_DATA EXTRACT_
──────
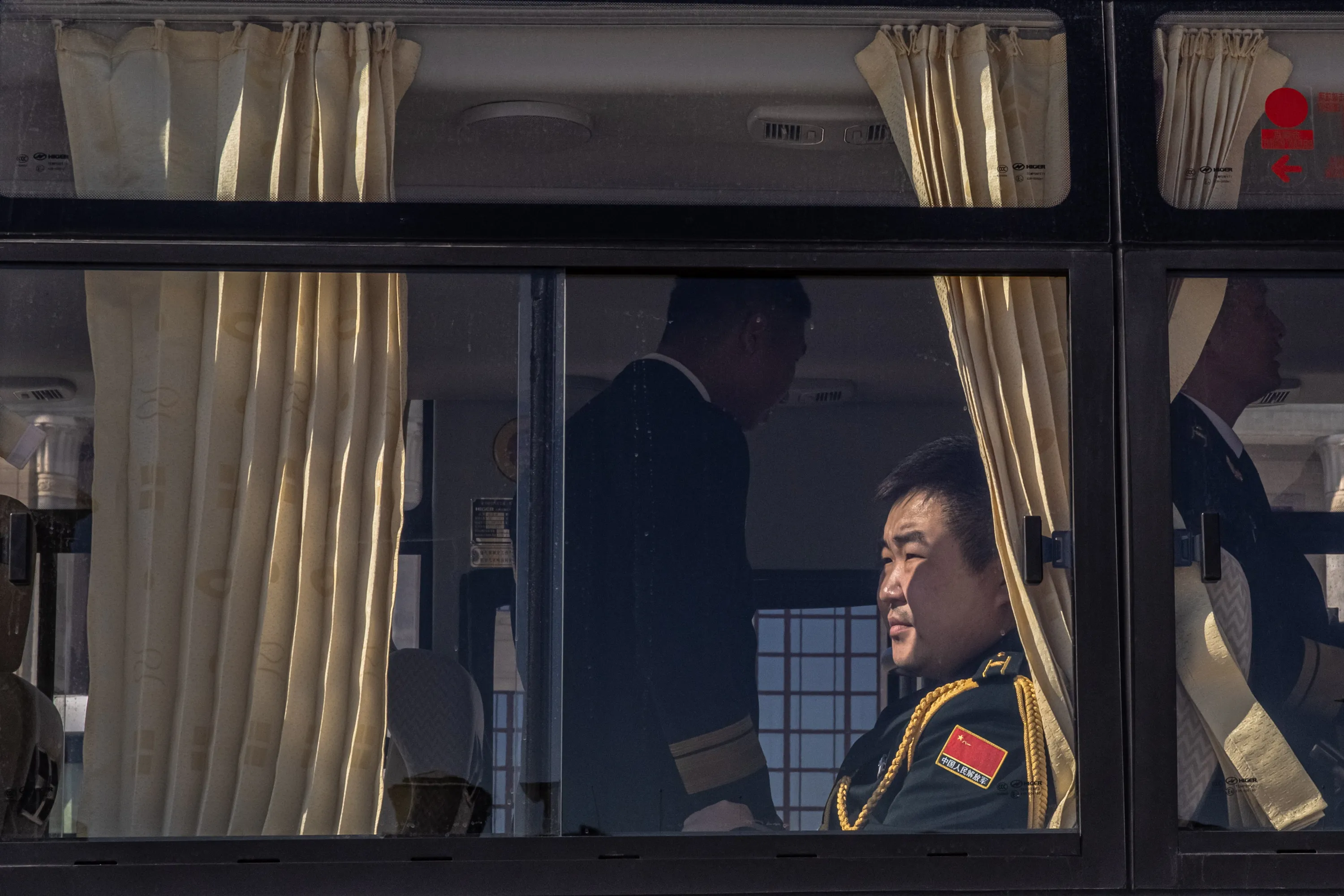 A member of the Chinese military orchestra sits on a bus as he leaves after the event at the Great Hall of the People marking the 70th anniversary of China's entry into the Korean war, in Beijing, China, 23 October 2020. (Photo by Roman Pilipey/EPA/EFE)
──────
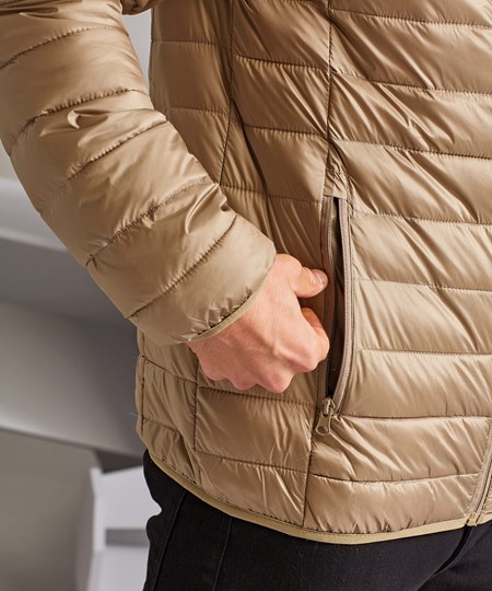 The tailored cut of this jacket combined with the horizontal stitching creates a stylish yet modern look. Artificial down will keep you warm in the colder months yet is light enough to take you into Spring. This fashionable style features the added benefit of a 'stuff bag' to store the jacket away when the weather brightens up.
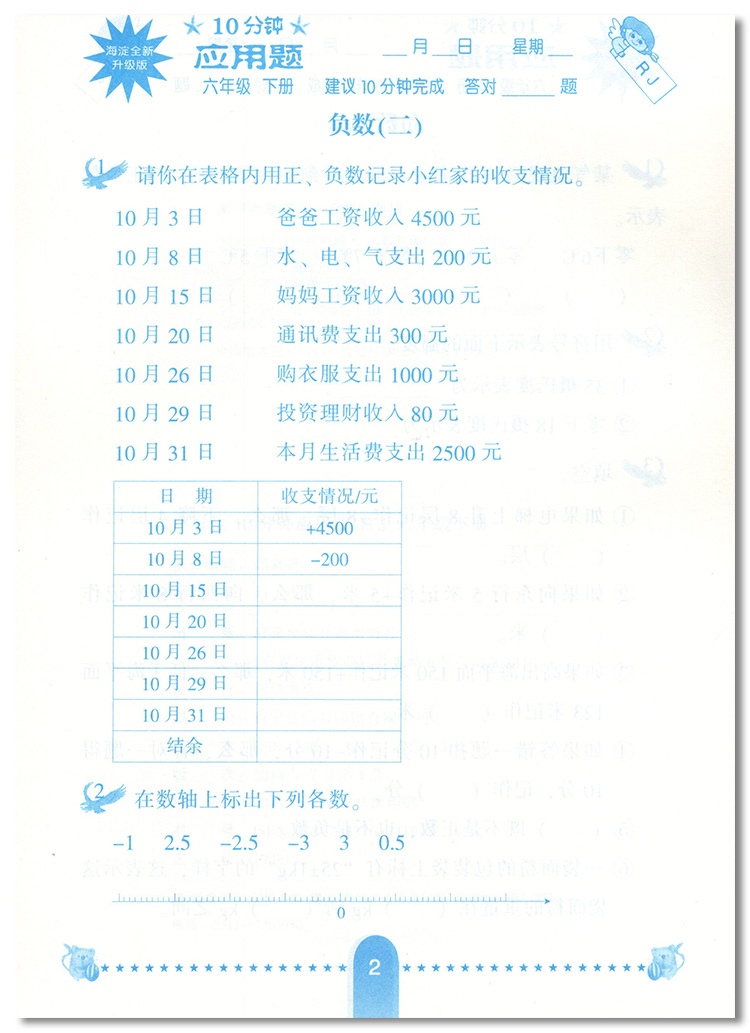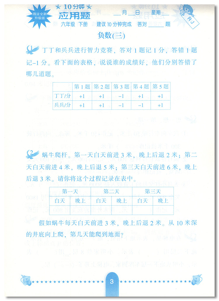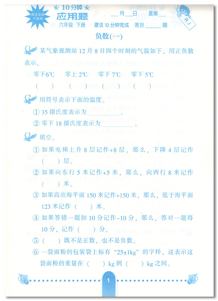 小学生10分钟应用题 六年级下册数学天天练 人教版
──────
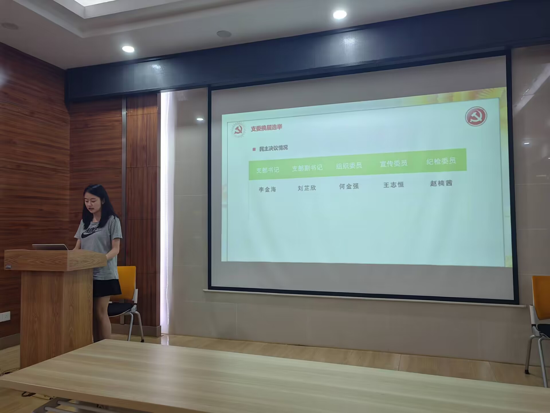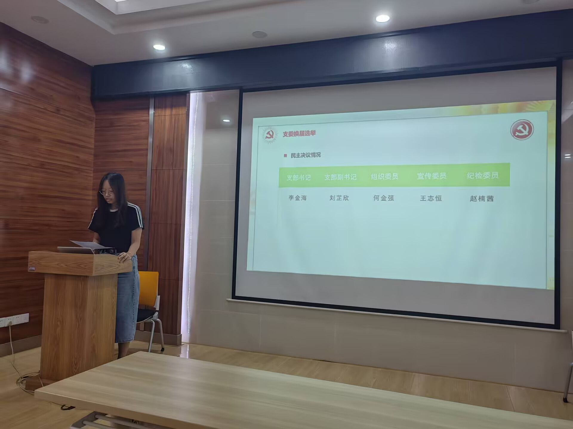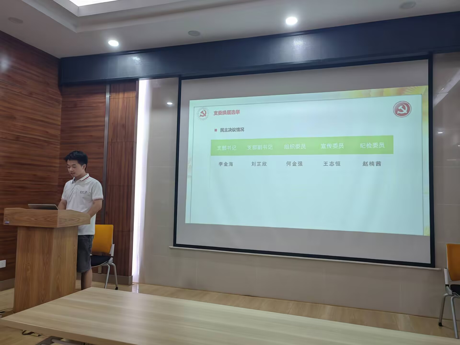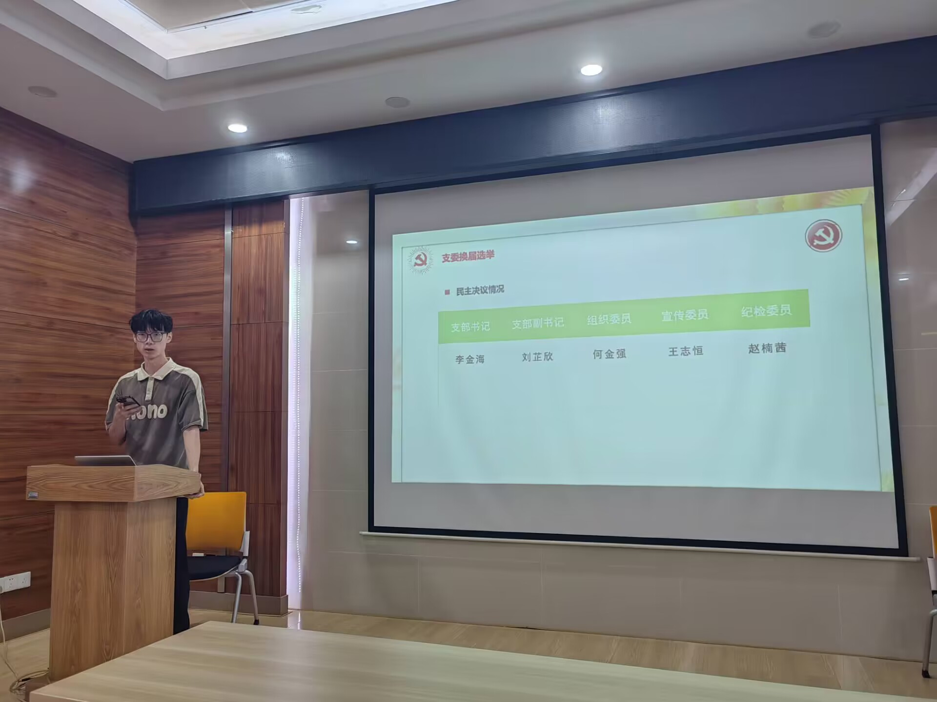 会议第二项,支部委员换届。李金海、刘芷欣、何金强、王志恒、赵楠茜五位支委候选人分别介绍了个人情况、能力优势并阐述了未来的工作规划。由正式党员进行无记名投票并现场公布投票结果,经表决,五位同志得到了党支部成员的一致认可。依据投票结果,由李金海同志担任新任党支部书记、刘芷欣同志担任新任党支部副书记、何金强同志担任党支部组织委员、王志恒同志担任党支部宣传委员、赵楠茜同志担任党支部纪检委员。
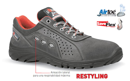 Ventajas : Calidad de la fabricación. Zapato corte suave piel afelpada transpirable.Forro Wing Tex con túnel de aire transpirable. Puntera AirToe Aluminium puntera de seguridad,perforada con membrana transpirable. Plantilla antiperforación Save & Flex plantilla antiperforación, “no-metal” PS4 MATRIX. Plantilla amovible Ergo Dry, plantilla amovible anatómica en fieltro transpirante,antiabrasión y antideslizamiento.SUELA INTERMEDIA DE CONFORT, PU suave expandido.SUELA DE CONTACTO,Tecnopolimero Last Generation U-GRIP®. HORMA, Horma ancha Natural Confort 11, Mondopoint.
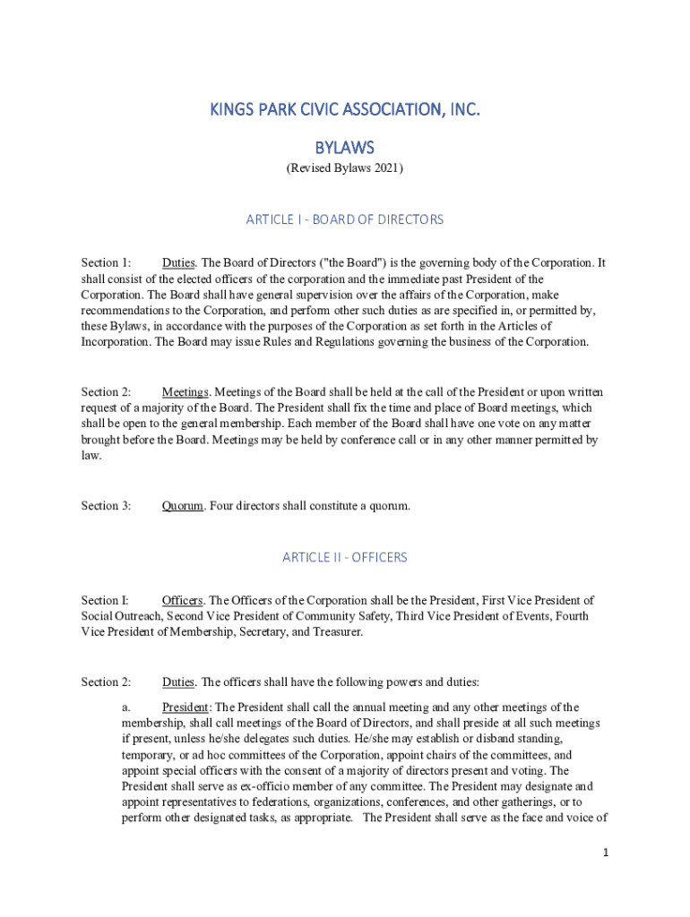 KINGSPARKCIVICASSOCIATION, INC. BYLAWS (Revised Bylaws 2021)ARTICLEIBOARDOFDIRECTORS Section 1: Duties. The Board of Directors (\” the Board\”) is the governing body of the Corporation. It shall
──────
_WORK TO COMPLETE_
What to print is the stretch of entries from the line with "会议第二项,支部委员换届。李" up to and including the line with "KINGSPARKCIVICASSOCIATION, INC. BYLAWS". Please print it exactly and leave out the pictures.

_RESPONSE TO THIS TASK_
 会议第二项,支部委员换届。李金海、刘芷欣、何金强、王志恒、赵楠茜五位支委候选人分别介绍了个人情况、能力优势并阐述了未来的工作规划。由正式党员进行无记名投票并现场公布投票结果,经表决,五位同志得到了党支部成员的一致认可。依据投票结果,由李金海同志担任新任党支部书记、刘芷欣同志担任新任党支部副书记、何金强同志担任党支部组织委员、王志恒同志担任党支部宣传委员、赵楠茜同志担任党支部纪检委员。
 Ventajas : Calidad de la fabricación. Zapato corte suave piel afelpada transpirable.Forro Wing Tex con túnel de aire transpirable. Puntera AirToe Aluminium puntera de seguridad,perforada con membrana transpirable. Plantilla antiperforación Save & Flex plantilla antiperforación, “no-metal” PS4 MATRIX. Plantilla amovible Ergo Dry, plantilla amovible anatómica en fieltro transpirante,antiabrasión y antideslizamiento.SUELA INTERMEDIA DE CONFORT, PU suave expandido.SUELA DE CONTACTO,Tecnopolimero Last Generation U-GRIP®. HORMA, Horma ancha Natural Confort 11, Mondopoint.
 KINGSPARKCIVICASSOCIATION, INC. BYLAWS (Revised Bylaws 2021)ARTICLEIBOARDOFDIRECTORS Section 1: Duties. The Board of Directors (\” the Board\”) is the governing body of the Corporation. It shall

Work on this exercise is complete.